<<<<
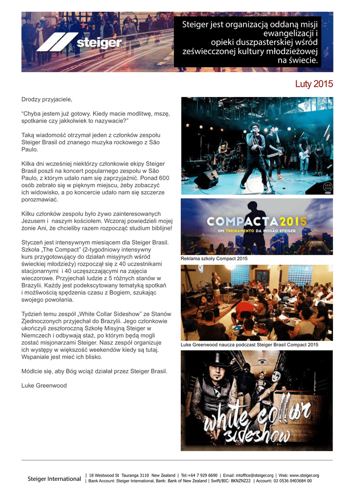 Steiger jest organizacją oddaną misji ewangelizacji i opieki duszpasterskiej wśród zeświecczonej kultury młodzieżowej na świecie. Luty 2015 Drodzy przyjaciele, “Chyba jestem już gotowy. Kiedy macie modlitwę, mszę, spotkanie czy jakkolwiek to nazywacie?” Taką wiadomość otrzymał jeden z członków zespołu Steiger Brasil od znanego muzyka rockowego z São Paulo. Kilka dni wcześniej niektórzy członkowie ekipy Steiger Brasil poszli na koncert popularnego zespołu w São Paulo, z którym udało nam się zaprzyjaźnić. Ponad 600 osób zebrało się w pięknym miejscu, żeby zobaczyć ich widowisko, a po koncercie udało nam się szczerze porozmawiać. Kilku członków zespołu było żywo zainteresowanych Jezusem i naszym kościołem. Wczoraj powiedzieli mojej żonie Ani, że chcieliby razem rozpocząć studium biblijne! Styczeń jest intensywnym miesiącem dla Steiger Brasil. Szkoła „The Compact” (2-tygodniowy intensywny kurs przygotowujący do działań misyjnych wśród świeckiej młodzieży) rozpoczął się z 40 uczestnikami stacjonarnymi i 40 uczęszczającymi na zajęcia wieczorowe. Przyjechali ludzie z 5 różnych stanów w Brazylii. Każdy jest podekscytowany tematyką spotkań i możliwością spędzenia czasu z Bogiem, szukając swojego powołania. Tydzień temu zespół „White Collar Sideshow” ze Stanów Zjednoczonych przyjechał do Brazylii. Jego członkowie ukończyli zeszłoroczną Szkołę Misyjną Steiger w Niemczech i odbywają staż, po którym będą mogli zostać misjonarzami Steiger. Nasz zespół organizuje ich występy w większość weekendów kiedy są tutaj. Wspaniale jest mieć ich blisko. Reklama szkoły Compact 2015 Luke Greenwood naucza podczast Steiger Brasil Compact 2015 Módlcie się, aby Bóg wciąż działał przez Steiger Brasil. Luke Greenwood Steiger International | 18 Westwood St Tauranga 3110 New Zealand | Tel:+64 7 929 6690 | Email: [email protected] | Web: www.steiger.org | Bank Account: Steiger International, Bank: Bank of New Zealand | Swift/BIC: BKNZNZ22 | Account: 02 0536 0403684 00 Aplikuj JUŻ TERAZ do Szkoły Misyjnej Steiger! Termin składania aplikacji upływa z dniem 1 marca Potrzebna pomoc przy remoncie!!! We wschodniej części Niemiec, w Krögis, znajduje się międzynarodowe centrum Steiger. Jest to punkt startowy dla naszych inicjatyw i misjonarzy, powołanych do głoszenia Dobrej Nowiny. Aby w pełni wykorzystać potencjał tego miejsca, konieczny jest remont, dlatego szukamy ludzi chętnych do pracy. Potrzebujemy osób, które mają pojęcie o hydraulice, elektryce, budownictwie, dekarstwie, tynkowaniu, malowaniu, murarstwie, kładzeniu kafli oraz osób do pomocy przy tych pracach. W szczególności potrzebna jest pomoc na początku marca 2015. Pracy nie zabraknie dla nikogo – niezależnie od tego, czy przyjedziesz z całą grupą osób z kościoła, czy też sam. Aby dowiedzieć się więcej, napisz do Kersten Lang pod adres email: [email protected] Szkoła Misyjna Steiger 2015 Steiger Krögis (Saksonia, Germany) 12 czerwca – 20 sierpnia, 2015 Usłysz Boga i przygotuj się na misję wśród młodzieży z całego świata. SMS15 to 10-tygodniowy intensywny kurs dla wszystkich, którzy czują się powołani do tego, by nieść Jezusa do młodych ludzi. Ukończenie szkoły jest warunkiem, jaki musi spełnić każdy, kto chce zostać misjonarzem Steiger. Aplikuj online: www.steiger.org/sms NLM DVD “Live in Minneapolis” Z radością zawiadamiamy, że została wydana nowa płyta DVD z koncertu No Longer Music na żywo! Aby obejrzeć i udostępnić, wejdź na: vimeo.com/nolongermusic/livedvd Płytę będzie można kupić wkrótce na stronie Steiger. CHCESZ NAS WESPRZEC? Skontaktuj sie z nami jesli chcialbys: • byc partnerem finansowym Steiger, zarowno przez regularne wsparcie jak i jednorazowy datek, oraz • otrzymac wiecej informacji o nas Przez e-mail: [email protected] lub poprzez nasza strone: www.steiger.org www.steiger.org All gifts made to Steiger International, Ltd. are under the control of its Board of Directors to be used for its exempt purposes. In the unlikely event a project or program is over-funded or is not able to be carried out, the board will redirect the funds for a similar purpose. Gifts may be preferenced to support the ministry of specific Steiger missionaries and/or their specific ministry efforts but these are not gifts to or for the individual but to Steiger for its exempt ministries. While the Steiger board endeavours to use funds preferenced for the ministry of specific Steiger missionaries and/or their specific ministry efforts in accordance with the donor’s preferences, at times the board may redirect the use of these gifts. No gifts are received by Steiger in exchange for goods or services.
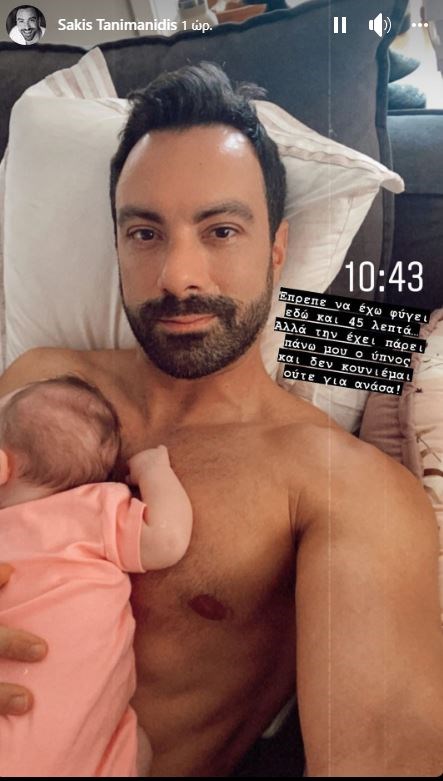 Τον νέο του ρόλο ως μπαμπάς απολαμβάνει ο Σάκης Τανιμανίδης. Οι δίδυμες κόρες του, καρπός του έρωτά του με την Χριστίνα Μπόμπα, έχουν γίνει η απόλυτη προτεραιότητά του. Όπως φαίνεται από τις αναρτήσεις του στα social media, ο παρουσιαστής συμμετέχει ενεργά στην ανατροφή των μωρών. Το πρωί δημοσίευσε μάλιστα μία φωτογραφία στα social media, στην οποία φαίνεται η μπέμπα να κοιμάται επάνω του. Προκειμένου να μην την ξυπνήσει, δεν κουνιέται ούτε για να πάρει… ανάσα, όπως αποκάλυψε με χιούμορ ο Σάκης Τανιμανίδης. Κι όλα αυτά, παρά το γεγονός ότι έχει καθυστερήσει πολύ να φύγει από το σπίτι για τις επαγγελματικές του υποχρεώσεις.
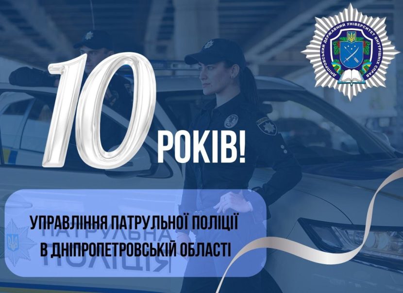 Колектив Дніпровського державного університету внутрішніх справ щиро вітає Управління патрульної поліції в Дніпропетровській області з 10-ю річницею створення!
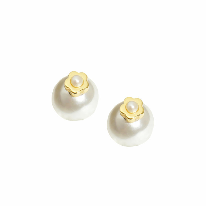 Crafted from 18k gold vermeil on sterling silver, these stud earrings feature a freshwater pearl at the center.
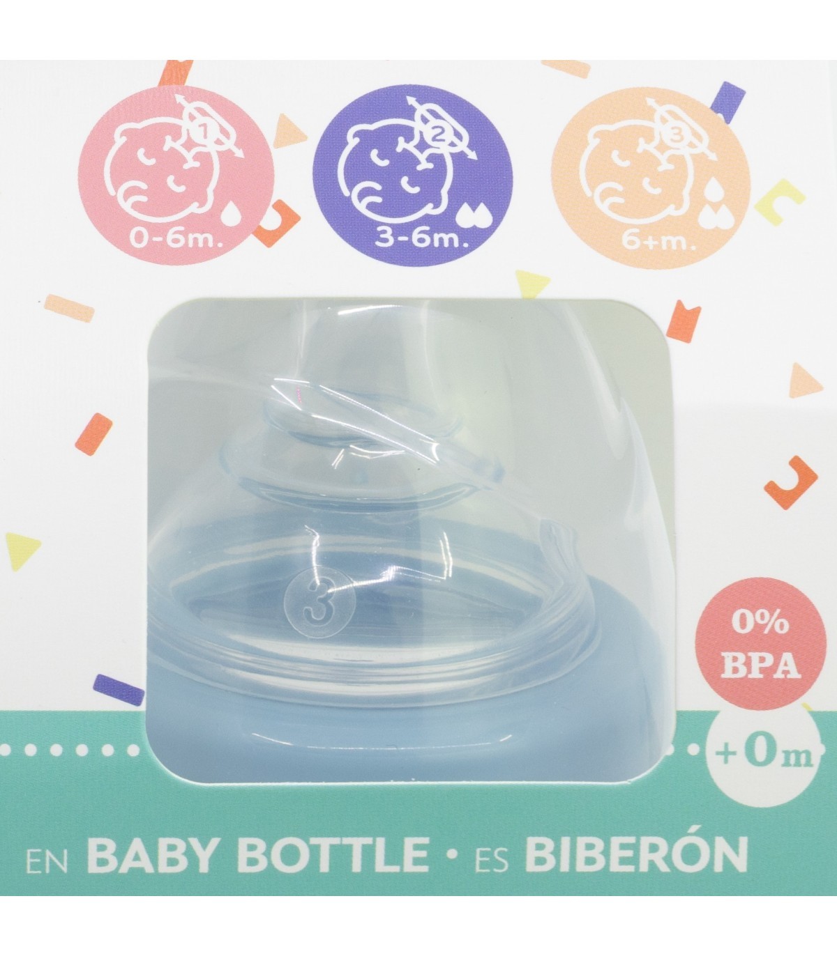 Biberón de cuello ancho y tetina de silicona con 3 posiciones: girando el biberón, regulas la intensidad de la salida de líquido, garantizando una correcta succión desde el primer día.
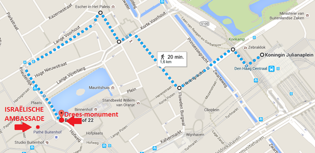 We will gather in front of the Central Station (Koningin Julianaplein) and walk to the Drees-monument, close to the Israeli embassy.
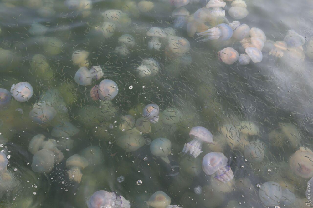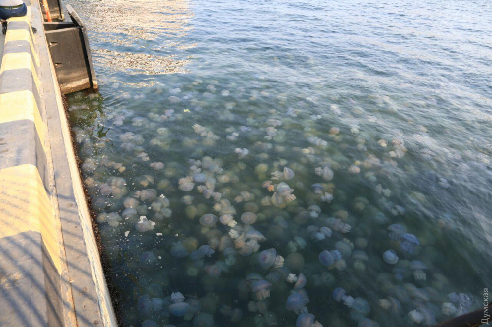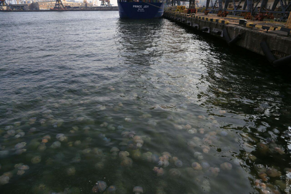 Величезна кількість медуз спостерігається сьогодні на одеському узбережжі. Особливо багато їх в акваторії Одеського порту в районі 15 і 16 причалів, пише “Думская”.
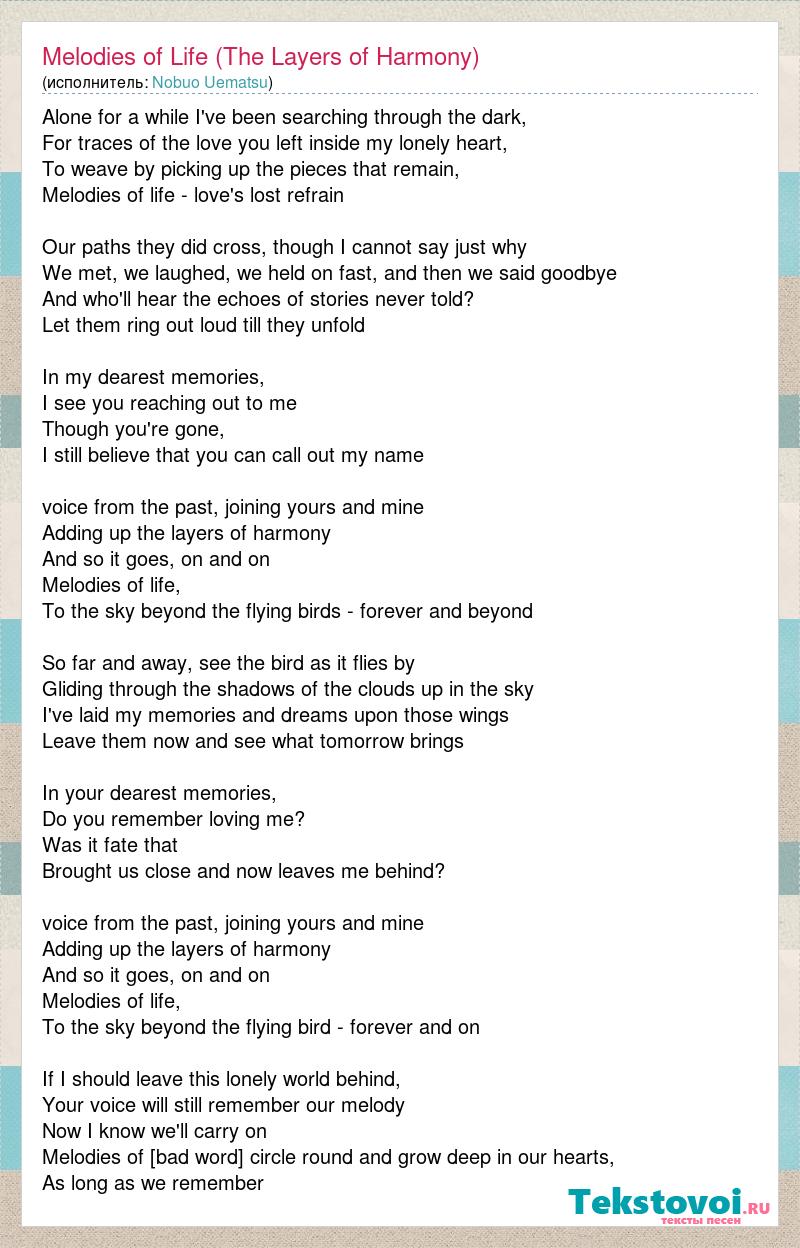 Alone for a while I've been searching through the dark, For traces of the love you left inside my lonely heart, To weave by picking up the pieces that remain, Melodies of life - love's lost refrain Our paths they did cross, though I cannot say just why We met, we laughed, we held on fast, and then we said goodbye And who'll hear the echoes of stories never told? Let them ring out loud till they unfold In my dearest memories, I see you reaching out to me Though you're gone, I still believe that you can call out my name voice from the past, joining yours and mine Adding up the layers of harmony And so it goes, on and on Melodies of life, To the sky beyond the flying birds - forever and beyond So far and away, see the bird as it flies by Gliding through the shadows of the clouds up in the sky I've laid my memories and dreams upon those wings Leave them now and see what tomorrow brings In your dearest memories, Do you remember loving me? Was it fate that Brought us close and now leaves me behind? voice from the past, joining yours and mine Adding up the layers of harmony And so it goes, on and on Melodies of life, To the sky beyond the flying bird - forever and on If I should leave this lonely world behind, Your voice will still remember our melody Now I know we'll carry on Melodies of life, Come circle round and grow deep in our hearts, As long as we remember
>>>>
§ **EXERCISE PROMPT**:
With pictures excluded, the material is to be written out exactly as given.

§ **EXERCISE RESPONSE**:
 Steiger jest organizacją oddaną misji ewangelizacji i opieki duszpasterskiej wśród zeświecczonej kultury młodzieżowej na świecie. Luty 2015 Drodzy przyjaciele, “Chyba jestem już gotowy. Kiedy macie modlitwę, mszę, spotkanie czy jakkolwiek to nazywacie?” Taką wiadomość otrzymał jeden z członków zespołu Steiger Brasil od znanego muzyka rockowego z São Paulo. Kilka dni wcześniej niektórzy członkowie ekipy Steiger Brasil poszli na koncert popularnego zespołu w São Paulo, z którym udało nam się zaprzyjaźnić. Ponad 600 osób zebrało się w pięknym miejscu, żeby zobaczyć ich widowisko, a po koncercie udało nam się szczerze porozmawiać. Kilku członków zespołu było żywo zainteresowanych Jezusem i naszym kościołem. Wczoraj powiedzieli mojej żonie Ani, że chcieliby razem rozpocząć studium biblijne! Styczeń jest intensywnym miesiącem dla Steiger Brasil. Szkoła „The Compact” (2-tygodniowy intensywny kurs przygotowujący do działań misyjnych wśród świeckiej młodzieży) rozpoczął się z 40 uczestnikami stacjonarnymi i 40 uczęszczającymi na zajęcia wieczorowe. Przyjechali ludzie z 5 różnych stanów w Brazylii. Każdy jest podekscytowany tematyką spotkań i możliwością spędzenia czasu z Bogiem, szukając swojego powołania. Tydzień temu zespół „White Collar Sideshow” ze Stanów Zjednoczonych przyjechał do Brazylii. Jego członkowie ukończyli zeszłoroczną Szkołę Misyjną Steiger w Niemczech i odbywają staż, po którym będą mogli zostać misjonarzami Steiger. Nasz zespół organizuje ich występy w większość weekendów kiedy są tutaj. Wspaniale jest mieć ich blisko. Reklama szkoły Compact 2015 Luke Greenwood naucza podczast Steiger Brasil Compact 2015 Módlcie się, aby Bóg wciąż działał przez Steiger Brasil. Luke Greenwood Steiger International | 18 Westwood St Tauranga 3110 New Zealand | Tel:+64 7 929 6690 | Email: [email protected] | Web: www.steiger.org | Bank Account: Steiger International, Bank: Bank of New Zealand | Swift/BIC: BKNZNZ22 | Account: 02 0536 0403684 00 Aplikuj JUŻ TERAZ do Szkoły Misyjnej Steiger! Termin składania aplikacji upływa z dniem 1 marca Potrzebna pomoc przy remoncie!!! We wschodniej części Niemiec, w Krögis, znajduje się międzynarodowe centrum Steiger. Jest to punkt startowy dla naszych inicjatyw i misjonarzy, powołanych do głoszenia Dobrej Nowiny. Aby w pełni wykorzystać potencjał tego miejsca, konieczny jest remont, dlatego szukamy ludzi chętnych do pracy. Potrzebujemy osób, które mają pojęcie o hydraulice, elektryce, budownictwie, dekarstwie, tynkowaniu, malowaniu, murarstwie, kładzeniu kafli oraz osób do pomocy przy tych pracach. W szczególności potrzebna jest pomoc na początku marca 2015. Pracy nie zabraknie dla nikogo – niezależnie od tego, czy przyjedziesz z całą grupą osób z kościoła, czy też sam. Aby dowiedzieć się więcej, napisz do Kersten Lang pod adres email: [email protected] Szkoła Misyjna Steiger 2015 Steiger Krögis (Saksonia, Germany) 12 czerwca – 20 sierpnia, 2015 Usłysz Boga i przygotuj się na misję wśród młodzieży z całego świata. SMS15 to 10-tygodniowy intensywny kurs dla wszystkich, którzy czują się powołani do tego, by nieść Jezusa do młodych ludzi. Ukończenie szkoły jest warunkiem, jaki musi spełnić każdy, kto chce zostać misjonarzem Steiger. Aplikuj online: www.steiger.org/sms NLM DVD “Live in Minneapolis” Z radością zawiadamiamy, że została wydana nowa płyta DVD z koncertu No Longer Music na żywo! Aby obejrzeć i udostępnić, wejdź na: vimeo.com/nolongermusic/livedvd Płytę będzie można kupić wkrótce na stronie Steiger. CHCESZ NAS WESPRZEC? Skontaktuj sie z nami jesli chcialbys: • byc partnerem finansowym Steiger, zarowno przez regularne wsparcie jak i jednorazowy datek, oraz • otrzymac wiecej informacji o nas Przez e-mail: [email protected] lub poprzez nasza strone: www.steiger.org www.steiger.org All gifts made to Steiger International, Ltd. are under the control of its Board of Directors to be used for its exempt purposes. In the unlikely event a project or program is over-funded or is not able to be carried out, the board will redirect the funds for a similar purpose. Gifts may be preferenced to support the ministry of specific Steiger missionaries and/or their specific ministry efforts but these are not gifts to or for the individual but to Steiger for its exempt ministries. While the Steiger board endeavours to use funds preferenced for the ministry of specific Steiger missionaries and/or their specific ministry efforts in accordance with the donor’s preferences, at times the board may redirect the use of these gifts. No gifts are received by Steiger in exchange for goods or services.
 Τον νέο του ρόλο ως μπαμπάς απολαμβάνει ο Σάκης Τανιμανίδης. Οι δίδυμες κόρες του, καρπός του έρωτά του με την Χριστίνα Μπόμπα, έχουν γίνει η απόλυτη προτεραιότητά του. Όπως φαίνεται από τις αναρτήσεις του στα social media, ο παρουσιαστής συμμετέχει ενεργά στην ανατροφή των μωρών. Το πρωί δημοσίευσε μάλιστα μία φωτογραφία στα social media, στην οποία φαίνεται η μπέμπα να κοιμάται επάνω του. Προκειμένου να μην την ξυπνήσει, δεν κουνιέται ούτε για να πάρει… ανάσα, όπως αποκάλυψε με χιούμορ ο Σάκης Τανιμανίδης. Κι όλα αυτά, παρά το γεγονός ότι έχει καθυστερήσει πολύ να φύγει από το σπίτι για τις επαγγελματικές του υποχρεώσεις.
 Колектив Дніпровського державного університету внутрішніх справ щиро вітає Управління патрульної поліції в Дніпропетровській області з 10-ю річницею створення!
 Crafted from 18k gold vermeil on sterling silver, these stud earrings feature a freshwater pearl at the center.
 Biberón de cuello ancho y tetina de silicona con 3 posiciones: girando el biberón, regulas la intensidad de la salida de líquido, garantizando una correcta succión desde el primer día.
 We will gather in front of the Central Station (Koningin Julianaplein) and walk to the Drees-monument, close to the Israeli embassy.
 Величезна кількість медуз спостерігається сьогодні на одеському узбережжі. Особливо багато їх в акваторії Одеського порту в районі 15 і 16 причалів, пише “Думская”.
 Alone for a while I've been searching through the dark, For traces of the love you left inside my lonely heart, To weave by picking up the pieces that remain, Melodies of life - love's lost refrain Our paths they did cross, though I cannot say just why We met, we laughed, we held on fast, and then we said goodbye And who'll hear the echoes of stories never told? Let them ring out loud till they unfold In my dearest memories, I see you reaching out to me Though you're gone, I still believe that you can call out my name voice from the past, joining yours and mine Adding up the layers of harmony And so it goes, on and on Melodies of life, To the sky beyond the flying birds - forever and beyond So far and away, see the bird as it flies by Gliding through the shadows of the clouds up in the sky I've laid my memories and dreams upon those wings Leave them now and see what tomorrow brings In your dearest memories, Do you remember loving me? Was it fate that Brought us close and now leaves me behind? voice from the past, joining yours and mine Adding up the layers of harmony And so it goes, on and on Melodies of life, To the sky beyond the flying bird - forever and on If I should leave this lonely world behind, Your voice will still remember our melody Now I know we'll carry on Melodies of life, Come circle round and grow deep in our hearts, As long as we remember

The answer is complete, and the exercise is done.